A defining facet of our country’s COVID crisis has been the refusal by many Americans to shoulder this emotional load. Perhaps it was the fact that our country lacks a vocabulary of social responsibility, or perhaps it was the familiarity of the mask as a personal protective device, but it was so unsurprisingly American when the mask inevitably devolved into a fraught symbol of personal liberty, despite the negative externalities of choosing not to wear a mask. With the encouragement of Trump, a not-insignificant swath of the population came to understand the mask as a symbol of Big Government, a mandatory shield against a virus they preferred to dismiss as insignificant or a hoax. Not wearing a mask became a crude performance of masculinity, or some type of literally toxic bravery, meant to announce that you weren’t a pussy because you weren’t afraid of the flu.
It is hard for me to not just dismiss anti-maskers as the same people who objected to seatbelt laws back in the day, people who will literally die for their right to die preventable deaths at their own hands. But the vehemence with which people fought for their supposed right to decline to wear a piece of fabric which could protect them (or, as was often missing from the debate, protect others), makes me wonder about how we grapple with our fear of dying in different ways. Could the rejection of masks symbolize a forceful rejection of a daily life in which we have to confront our fragility as human beings at every turn?
White Noise falls into that genre of 20th century attempts at the Great American Novel, realist1 novels by flawed white men featuring flawed white men and their problems, men whose love for their wives is evidently manifested by the myriad ways they can describe their breasts.

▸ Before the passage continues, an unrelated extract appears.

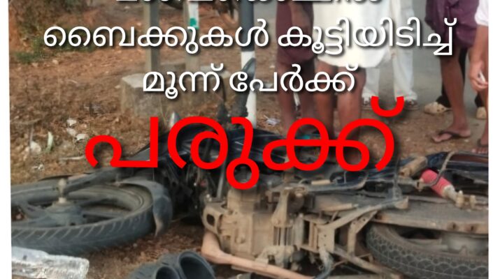 മംഗലംഡാമ്മിൽ ബൈക്കുകൾ കൂട്ടിയിടിച്ച് മൂന്ന് പേർക്ക് പരുക്ക്.

The protagonist of White Noise is Jack Gladney, a professor of “Hitler Studies” at the small “College-on-the-Hill” in fictional suburban Blacksmith. He and his wife Babette (“tall and fairly ample,” with “chugging” breasts when she runs) live with their four precocious children from previous marriages. Jack Gladney’s most prominent flaw is that he is obsessed with the inevitability of his own death. Though much of the first part of the novel seems to be spent in the chaotic bosom of family life—at the supermarket or in front of television—Gladney is preoccupied, particularly with the question of whether he or his wife will die first. DeLillo’s tone is both sincere and gently satirical, one quarter-turn of the dial stranger than reality:
At home Denise placed a moist bag of garbage in the kitchen compactor. She started up the machine. The ram stroked downward with a dreadful wrenching sound, full of eerie feeling. Children walked in and out of the kitchen, water dripped in the sink, the washing machine heaved in the entranceway. . . Whining metal, exploding bottles, plastic smashed flat. Denise listened carefully, making sure the mangling din contained the correct sonic elements, which meant the machine was operating properly.
“Eerie feelings” thus constantly threaten the refuge of the domestic. On a trip to the grocery store, Gladney discovers an academic acquaintance cornering Babette and mansplaining Tibetan notions of death to her. The colleague’s pontificating is interrupted only when Gladney and Babette notice that their three-year-old son has somehow managed to climb out of the shopping cart and disappear. The small crisis quickly resolves itself when he is found in another woman’s cart. This is but one reminder offered by DeLillo of the lurking banality of tragedy —Jack and his family spend Friday nights watching the news, eating Chinese food while taking in visuals of unfurling mudslides and volcanic eruptions. A plane at the local airport executes a crash landing. Police drag the river looking for elderly neighbors who wander off and disappeared.
In Part II of the novel, the threat of death looms even larger. Literally. A derailed train causes the release of a toxic substance into the air - “The Airborne Toxic Event.” The Event and its unknown effects become a not-subtle metaphor for death’s inexorability, and it is this threat that shapes the psychological landscape of the rest of the novel. Jack Gladney learns that exposure to the toxin might kill him - in thirty years. So might anything else.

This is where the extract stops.